How to use GNU/Parallel and pg_dump ?
I work with the PostgreSQL database server and for the backup process, I use the pg_dump utility.
If you have many databases, you know there is a problem with this tool. In fact, it’s a serial process, it saves database after another and if you have a big one, you risk to wait for longtime. In my situation, this is problematic and I looked to use an other tool to parallelize the process.
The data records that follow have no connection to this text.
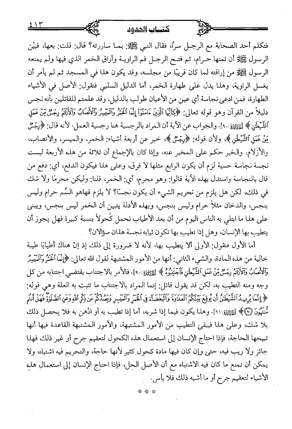 فتكلم أحد الصحابة مع الرجل سرًّا، فقال النبي صلى الله عليه وسلم: بما ساررته؟ قال: قلت: بعها، فبيَّن الرسول صلى الله عليه وسلم أن ثمنها حرام، ثم فتح الرجل فم الراوية وأراق الخمر الذي فيها ولم يمنعه الرسول صلى الله عليه وسلم من إراقته لما كان قريبًا من مجلسه، وقد يكون هذا في المسجد ثم لم يأمر أن يغسل الراوية، وهذا يدل على طهارة الخمر، أما الدليل السلبي فنقول: الأصل في الأشياء الطهارة، فمن ادعى نجاسة أي عين من الأعيان طولب بالدليل، وقد علمتم للقائلين بأنه نجس دليلًا من القرآن وهو قوله تعالى: {با أيُّها الَّذين ءامنوا إنَّما الخمر والميسر والأنصاب والأزلام رجسٌ من عمل الشيطان} [المائدة: 90]. والجواب عن الآية أن المراد بالرجسية هنا رجسية العمل؛ لأنه قال: {رجسٌ من عمل الشيطان}، ولأن قوله: {رجسٌ}، خبر عن أربعة أشياء: الخمر، والميسر، والأنصاب، والأزلام، والخبر حكم على المخبر عنه، وإذا كان بالإجماع أن ثلاثة من هذه الأربعة ليست نجسة نجاسة حسية لزم أن يكون الرابع مثلها لا فرق، وعلى هذا فيكون الدفع، أي: دفع من قال بالنجاسة واستدل بهذه الآية قالوا: وهو محرم؛ أي: الخمر، قلنا: وليكن محرمًا ولا شك في ذلك، لكن هل يلزم من تحريم الشيء أن يكون نجسًا؟ لا يلزم فها هو السُّم حرام وليس. بنجس، والدخان مثلًا حرام وليس بنجس، وبهذه الأدلة يتبين أن الخمر ليس بنجس، ويبنى على هذا ما أبتلي به الناس اليوم من أن بعد الأطياب تحمل كحولًا بنسبة كبيرة فهل يجوز أن يتطيب بها الإنسان، وهل إذا تطيب بها تكون ثيابه نجسة هذان سؤالان؟
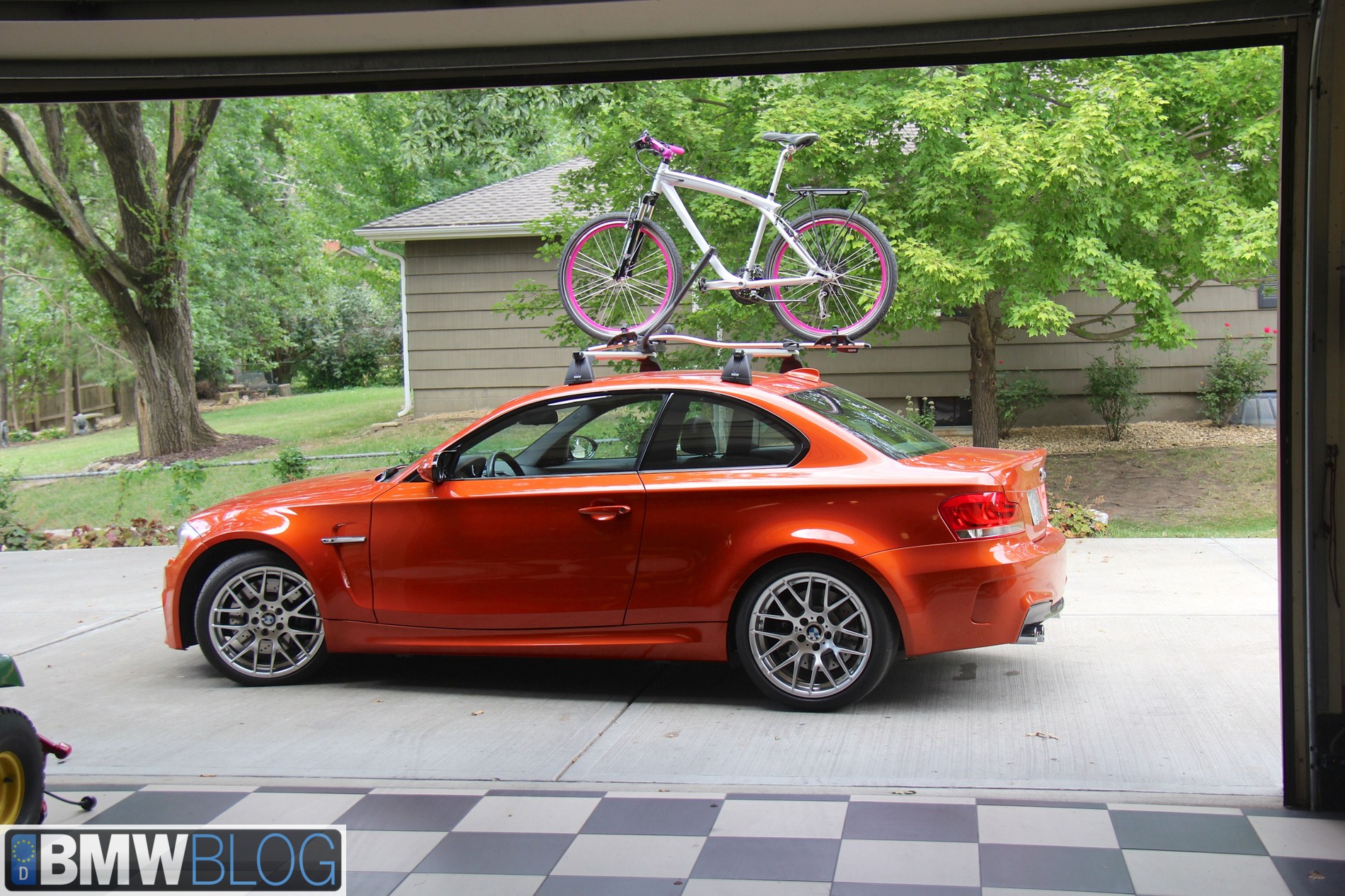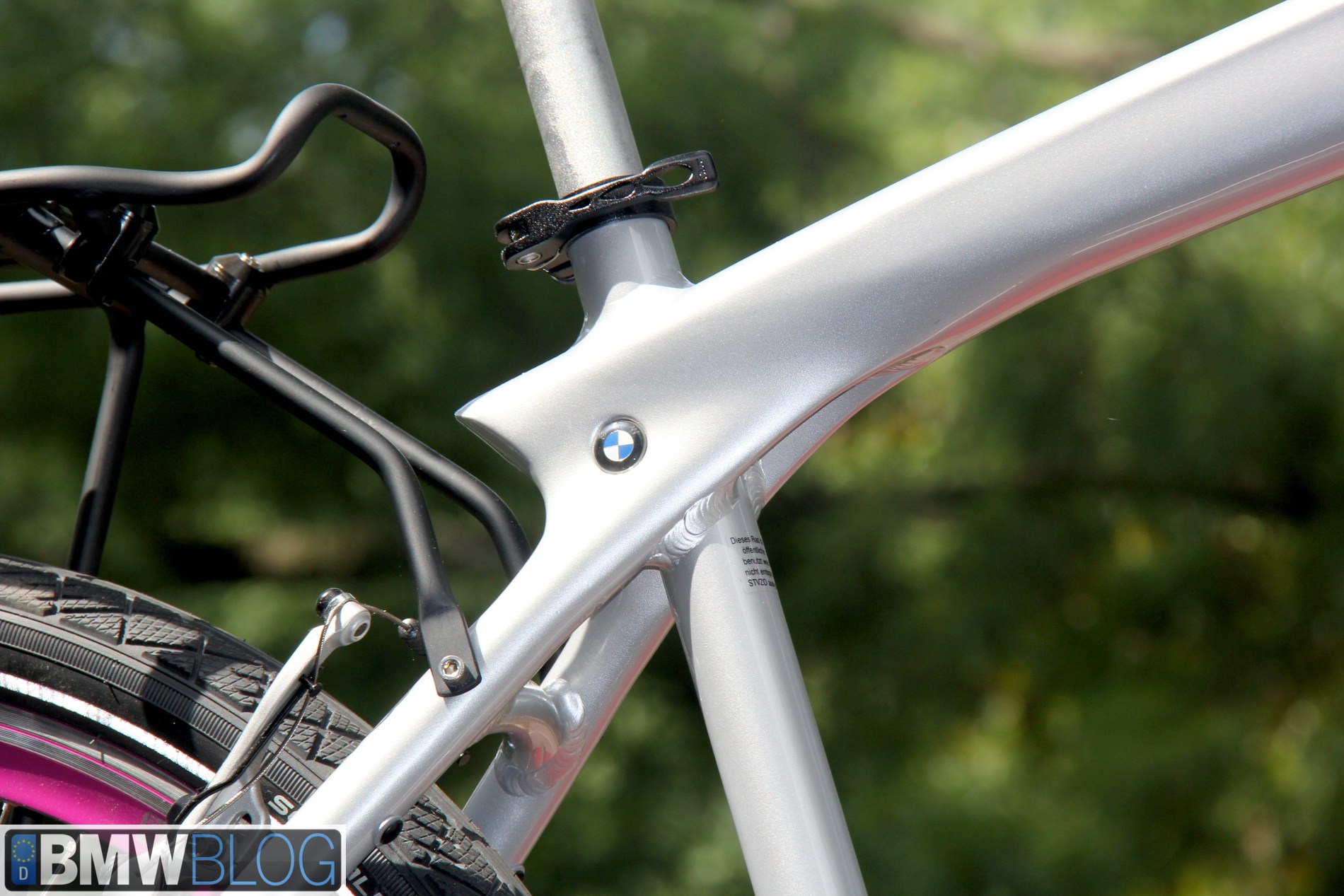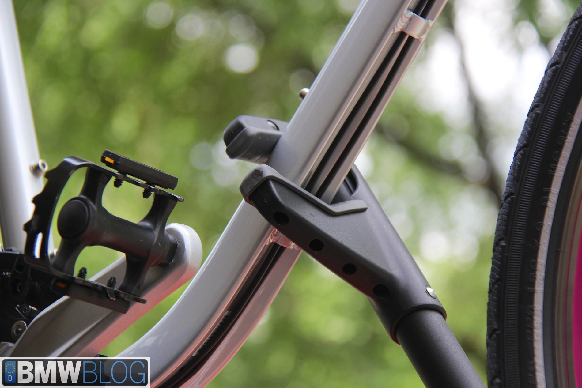BMW sells six different bicycle holders from roof to hitch to trunk. The $152 BMW Racing Cycle Holder is a lockable, quick release type holder that fastens securely on the front fork. The rear wheel stays on and is strapped to the tray. It requires removal of the front wheel of the bicycle which is easy on quick release front hubs. I have one of these and use it to hold my carbon fiber bicycles. It offers secure mounting an minimal shifting during high speeds on the freeway compared to the upright style bike holder.
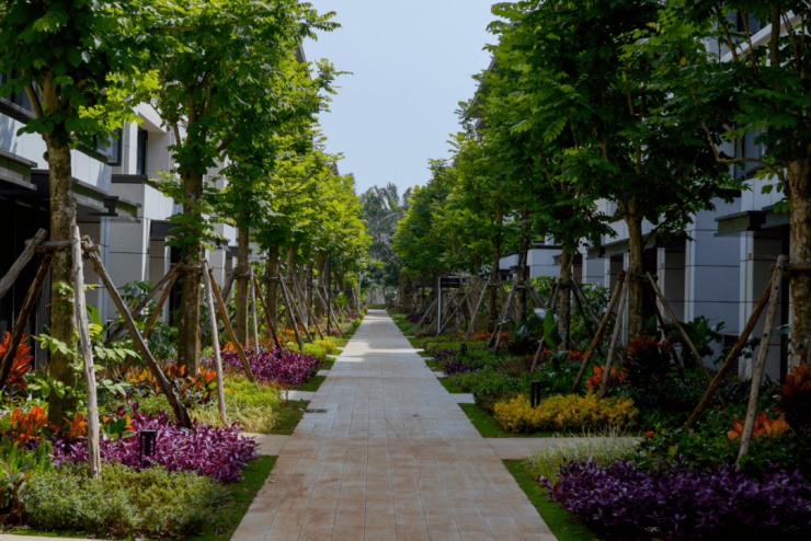 项目以“风情雨林 花间奇遇”为设计理念,打造具有热带风情度假感与花园生活感为一体的景观体验。风情水系、阳光草坪、花海长轴、鲜养慢跑道等,营造假日诗意体验。

But I discovered the tool GNU/Parallel.
GNU/Parallel is a shell tool for executing jobs in parallel using one or more computers.
Installation
wget http://ftp.gnu.org/gnu/parallel/parallel-20110722.tar.bz2
tar xfj parallel-20110722.tar.bz2
cd parallel-20110722
./configure --prefix=/opt/local
make
make install
The Script
#!/usr/bin/env bash
# Path to the GNU/Parallel tool
PARALLEL=/opt/local/bin/parallel
# We select all the databases we want to backup except the 'template0',
# 'template1' and 'postgres' databases
INPUTLIST=`psql -d postgres -A -t <<EOF
SELECT datname FROM pg_database
WHERE datname NOT IN ('template0','template1','postgres')
ORDER BY datname ASC;
EOF`
# And we call the parallel tool with the right arguments
CMD='pg_dump --no-owner {} | gzip -9 > ${OUTPUT_DIR}/{}.dump.sql.gz'
(echo "$INPUTLIST") | $PARALLEL "$CMD"
If you have an other solution to this problem, I’m interrested
In a future post, I will show you how to use GNU/Parallel and rsnapshot to parallelize the rsync tool.